Problem statement >>
Transcribe the listing verbatim. Do not carry over any pictures.

Data section >>
+-------+

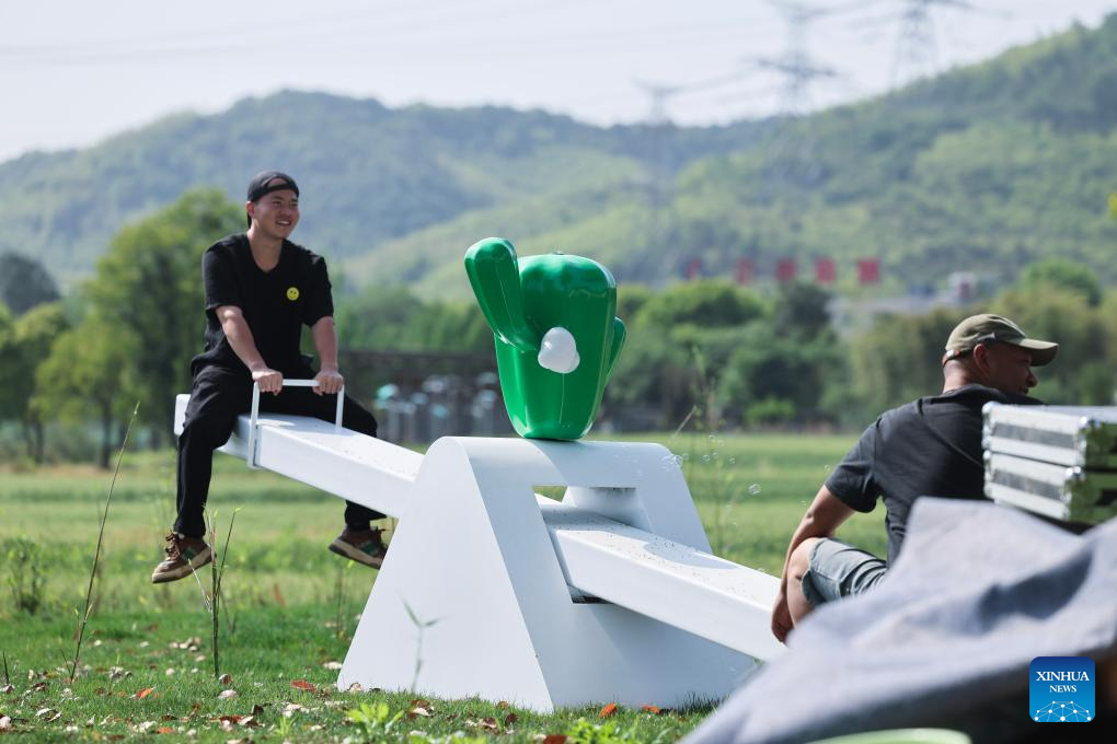 Staff members experience an art work in the shape of a seesaw in the fields in Donglin Town, Huzhou City of east China's Zhejiang Province, on April 25, 2025. A land art event kicked off in the wheat fields in Donglin Town on Friday. Teachers and students from many Chinese fine arts academies formed the core creative team, producing 42 land art pieces here.
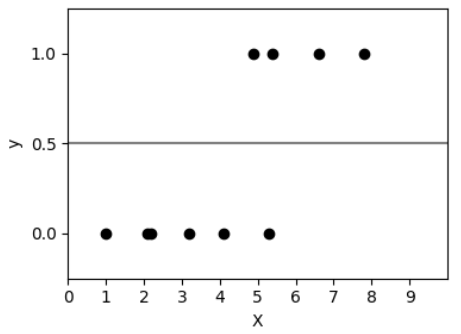 สำหรับกรณีที่ง่ายที่สุด ถ้าเราต้องการทำ Classification อะไรสักอย่างด้วยข้อมูลเพียงค่าเดียว แปลว่าข้อมูลที่อยู่ในมือเราจะมีหน้าตาเป็นคู่อันดับ (X,y) เมื่อ X คือค่าที่เราจะเอาไปใช้ทำนาย ส่วน y คือกลุ่มที่มันอยู่ ซึ่งคือค่าที่เราต้องการทำนาย ในที่นี้ให้มีแค่สองกลุ่มแล้วกัน คือกลุ่ม 0 กับกลุ่ม 1
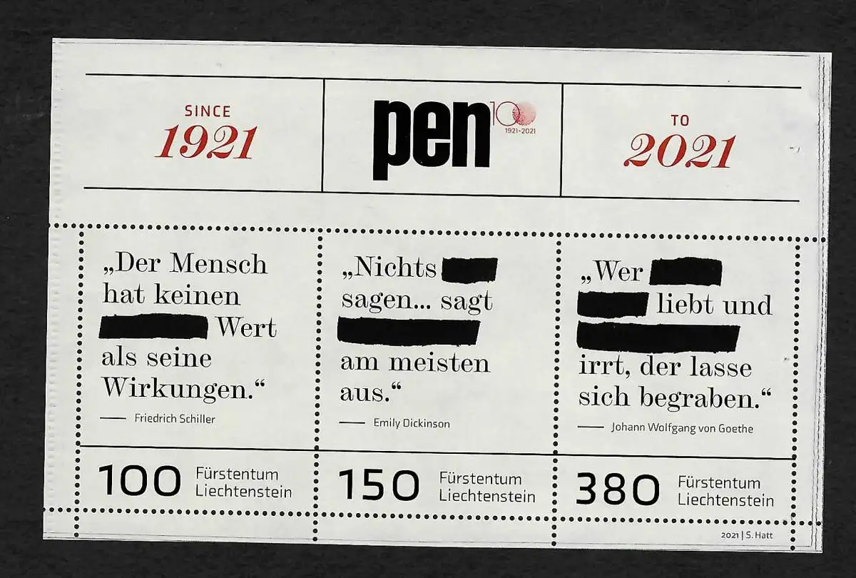 Liechtenstein 2021: 100 Jahre PEN International, Block zum rubbeln, **
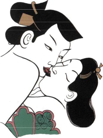In the Orient kissing is considered an erotic art form. From a woodblock print of the seventeenth century.

+-------+

Expected output >>
 Staff members experience an art work in the shape of a seesaw in the fields in Donglin Town, Huzhou City of east China's Zhejiang Province, on April 25, 2025. A land art event kicked off in the wheat fields in Donglin Town on Friday. Teachers and students from many Chinese fine arts academies formed the core creative team, producing 42 land art pieces here.
 สำหรับกรณีที่ง่ายที่สุด ถ้าเราต้องการทำ Classification อะไรสักอย่างด้วยข้อมูลเพียงค่าเดียว แปลว่าข้อมูลที่อยู่ในมือเราจะมีหน้าตาเป็นคู่อันดับ (X,y) เมื่อ X คือค่าที่เราจะเอาไปใช้ทำนาย ส่วน y คือกลุ่มที่มันอยู่ ซึ่งคือค่าที่เราต้องการทำนาย ในที่นี้ให้มีแค่สองกลุ่มแล้วกัน คือกลุ่ม 0 กับกลุ่ม 1
 Liechtenstein 2021: 100 Jahre PEN International, Block zum rubbeln, **
In the Orient kissing is considered an erotic art form. From a woodblock print of the seventeenth century.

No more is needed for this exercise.